(RECORDED DATA)

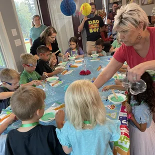 Held my daughter's 7th birthday party here and all the kids loved it! Dawn customized a party package around dragons and the range of kids from age 4-10 all enjoyed themselves. Each kid did a hands on experiment which the result of they got to take home as a party favor. In this case it was dragon snot, dragon food, and dragon medicine. Each experiment was preceded by a short demonstration and explanation of the science behind it, and despite being educational it was fun and kept even the youngest child's attention. Dawn and her assistant handled everything from the entertainment to serving the cake to cleaning up and packing up the party favors. It was easy, fun, and educational. Highly recommended!
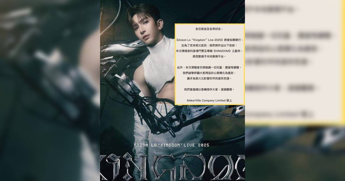 MakerVille在聲明中表示「各位歌迷及各界好友:《Anson Lo “Kingdom” Live 2025》將會如期舉行,並為了支持受災居民,我們將作出以下安排」,正式確認演唱會將按原定計劃進行。公司強調「我們誠摯呼籲大家將這份心意轉化為善款,攜手為受火災影響的市民提供支援」,希望將原本用於應援的資源轉為實際幫助。聲明最後以「我們會繼續以音樂陪伴大家,渡過難關」作結,展現出藝人與粉絲共度時艱的決心。
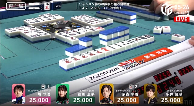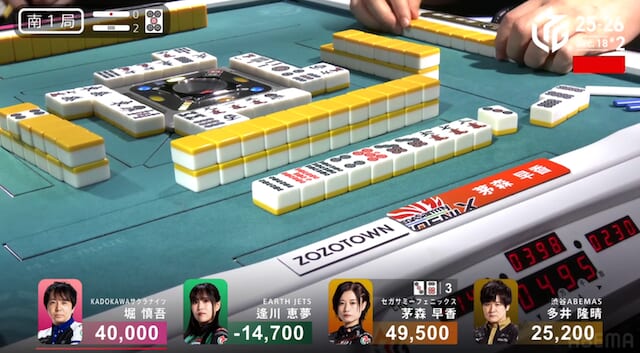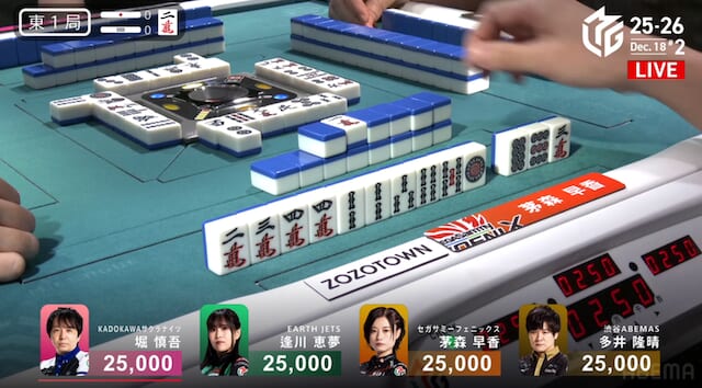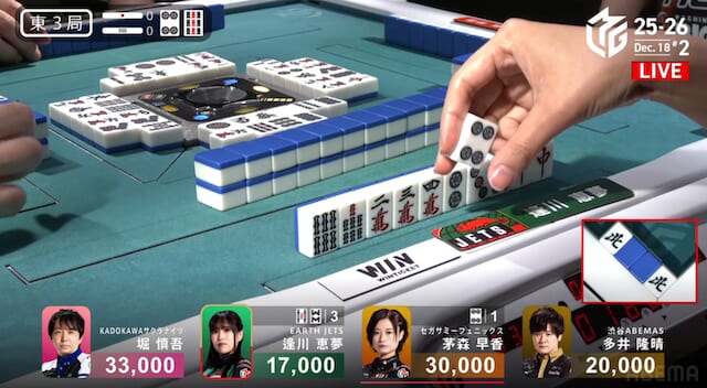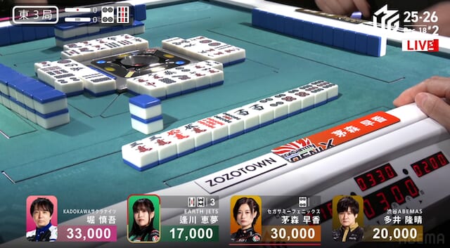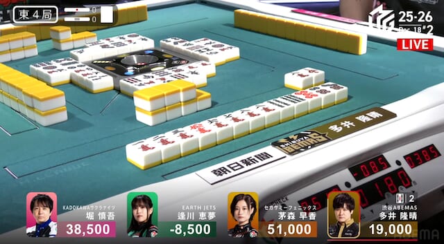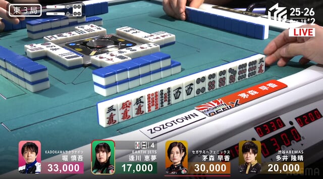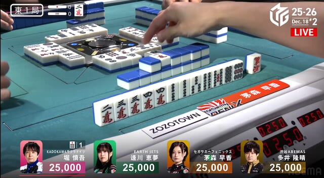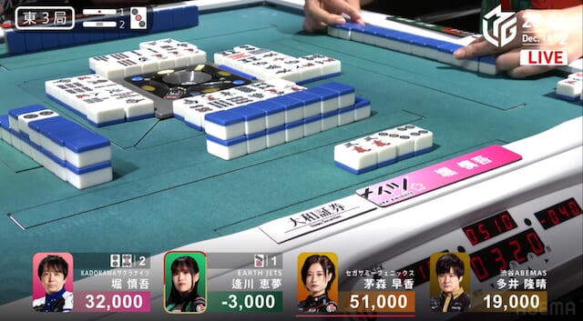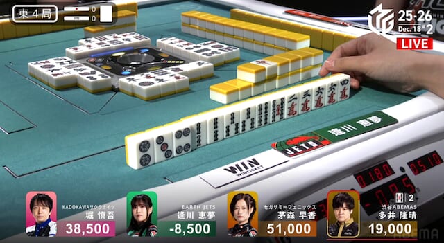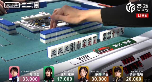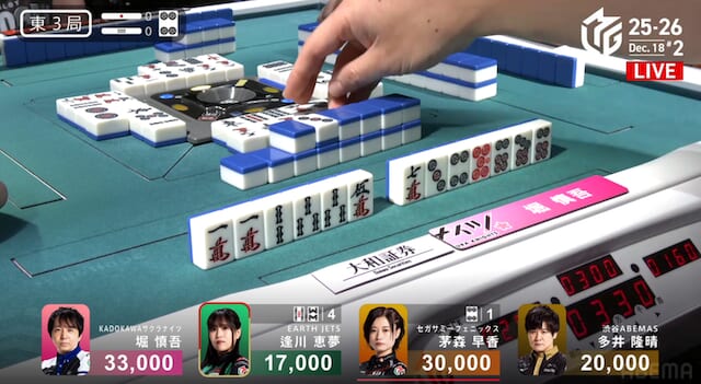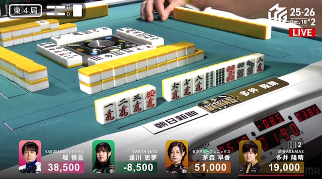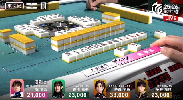 親番を迎えた堀が先制リーチ。逢川が一向聴で粘りを見せるも、堀が自らツモりあげる。リーチ・ツモ・ドラ1、そして裏ドラが3枚乗るという強烈な跳満のアガリ。これは逢川にとっても、多井にとってもきつすぎる展開。

(End RECORDED DATA)

• **TASK**
A faithful transcription of the material, with no pictures, is the expected result.

• **WRITTEN RESPONSE**
 Held my daughter's 7th birthday party here and all the kids loved it! Dawn customized a party package around dragons and the range of kids from age 4-10 all enjoyed themselves. Each kid did a hands on experiment which the result of they got to take home as a party favor. In this case it was dragon snot, dragon food, and dragon medicine. Each experiment was preceded by a short demonstration and explanation of the science behind it, and despite being educational it was fun and kept even the youngest child's attention. Dawn and her assistant handled everything from the entertainment to serving the cake to cleaning up and packing up the party favors. It was easy, fun, and educational. Highly recommended!
 MakerVille在聲明中表示「各位歌迷及各界好友:《Anson Lo “Kingdom” Live 2025》將會如期舉行,並為了支持受災居民,我們將作出以下安排」,正式確認演唱會將按原定計劃進行。公司強調「我們誠摯呼籲大家將這份心意轉化為善款,攜手為受火災影響的市民提供支援」,希望將原本用於應援的資源轉為實際幫助。聲明最後以「我們會繼續以音樂陪伴大家,渡過難關」作結,展現出藝人與粉絲共度時艱的決心。
 親番を迎えた堀が先制リーチ。逢川が一向聴で粘りを見せるも、堀が自らツモりあげる。リーチ・ツモ・ドラ1、そして裏ドラが3枚乗るという強烈な跳満のアガリ。これは逢川にとっても、多井にとってもきつすぎる展開。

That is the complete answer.